Étrangement, le lendemain, je ressens la même démarche avec le chorégraphe et plasticien Benjamin Verdonck qui pose son œuvre sur la table : «Notallwhowanderarelost». C’est un théâtre d’objets de bois et de rails. Mais avant d’entrer dans l’œuvre, il nous propose un étrange avant-propos: une chaise, deux boites de soda, un ballon, une gourde pour un assemblage des plus délicats. Le voici à reproduire le processus proposé par Kate McIntosh! À tout moment, son savant équilibre peut s’effondrer. Je suis avec lui, je ressens sa prise de risque. Avec humilité, cet homme expose son art…celui où le propos est fragile, en équilibre précaire, dans une économie de moyens, mais nourri d’une générosité (ce mot a-t-il encore un sens dans une époque où le cynisme domine les relations?). Place à son théâtre où c’est lui, et lui seul, qui tire les ficelles capables de déplacer des triangles aux tailles et couleurs différentes. De gauche à droite, je suis ces allers et retours où le second degré est roi, où l’artiste joue avec les évidences, où cela bifurque alors que le chemin est pourtant tout droit. Je ris quand l’inattendu déjoue mes pronostics binaires ; je m’interroge quand l’objet se détourne de mes attentes ; je lâche prise quand des phrases tombent du haut tel des surtitres sans sous-titres!

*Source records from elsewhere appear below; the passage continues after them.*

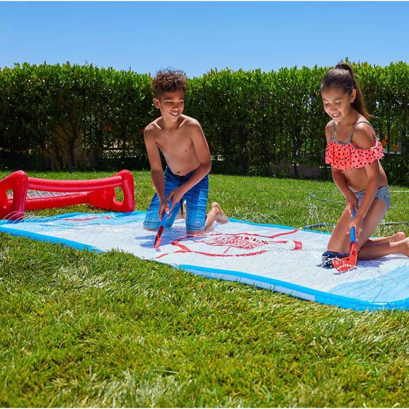 Get ready to enjoy the most enjoyable outdoor water fun because this water knee hockey set from Wham-O will turn your backyard into a haven of splashy excitement! Experience the thrill of sliding and scoring goals while staying cool under the double waterfall feature. Perfect for kids aged 5-12. this backyard hockey goal set promises hours of exhilarating entertainment in the sun. With two inflatable goals. two hockey sticks. and one inflatable puck included. the fun never stops. Whether it’s a birthday party. family gathering. or just a day of outdoor play. the Slip N Slide Water Knee Hockey is sure to be a hit.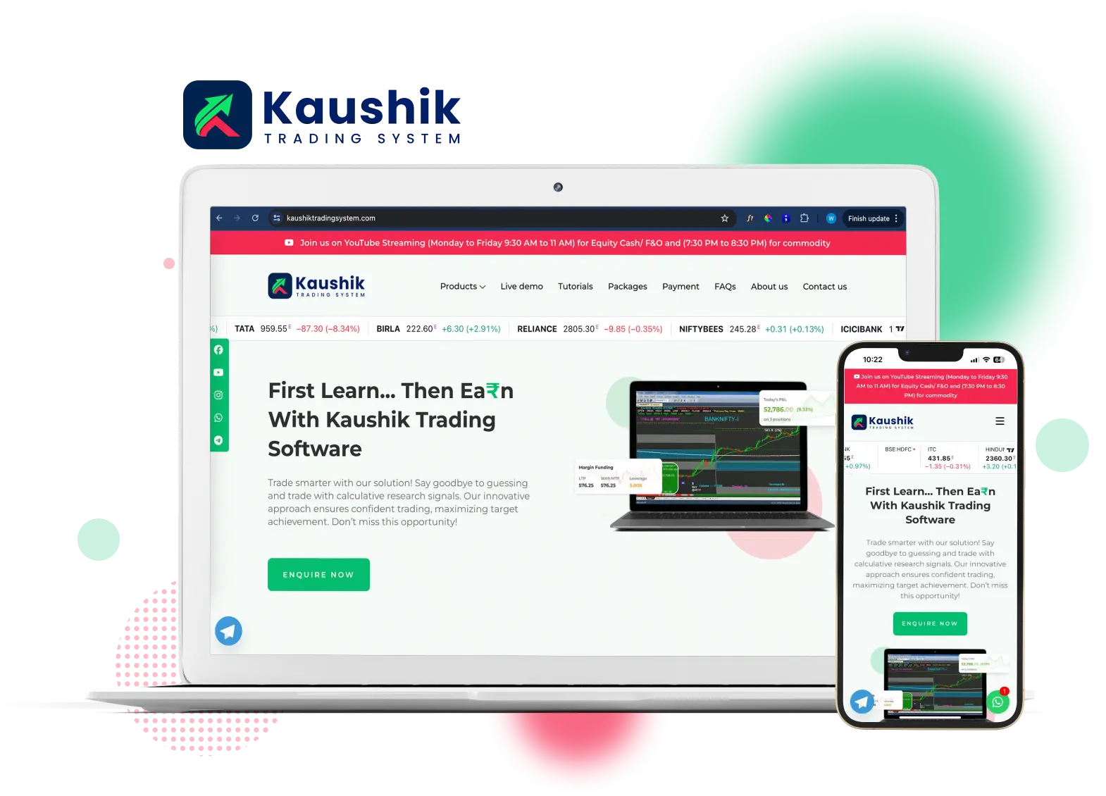 We designed a website for Kaushik Trading System, a software specializing in stock market trading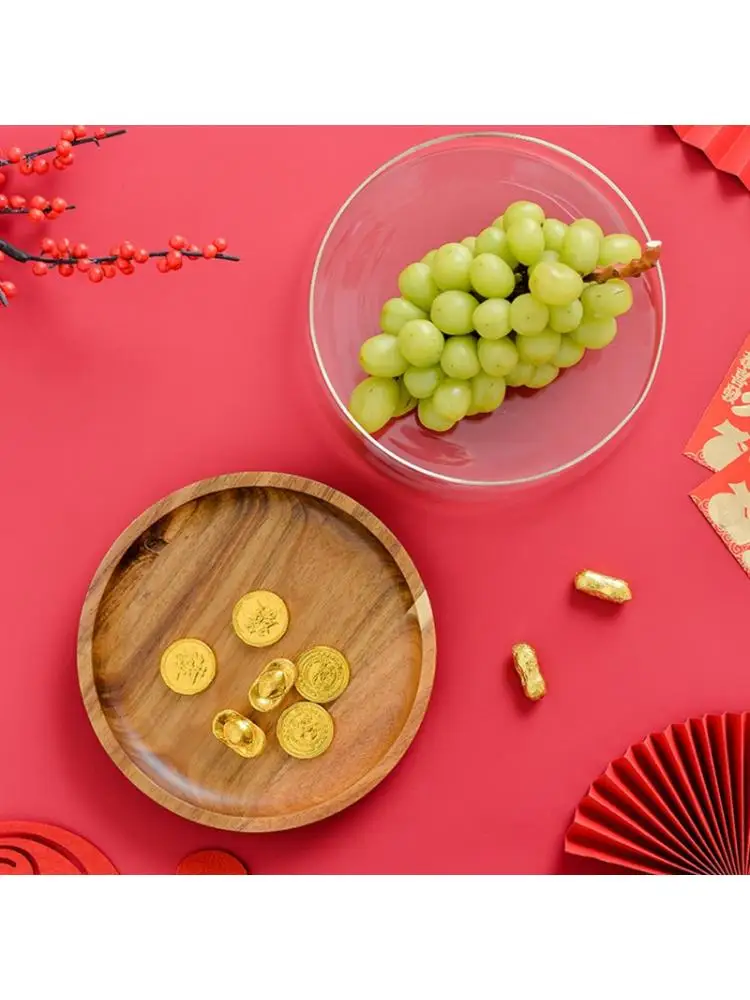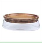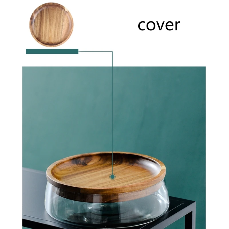 Креативная стеклянная коробка для хранения орехов и сухих фруктов, двухслойная коробка для хранения конфет с деревянной крышкой для дома, кухни

Benjamin Verdonck semble danser lorsque les ficelles libèrent son corps et nous relient à l’évolution de notre perception des objets. La dernière scène est hilarante, car surréaliste : il en perd la tête, sens dessus dessous, et je m’égare avec lui dans une autre dimension : celle d’une graine de folie qui pousse sur le béton armé recouvrant nos objets d’enfants à jamais démontés.

Pascal Bély – Le Tadorne

Le KunstenfestivaldesArts de Bruxelles du 2 au 24 mai 2014.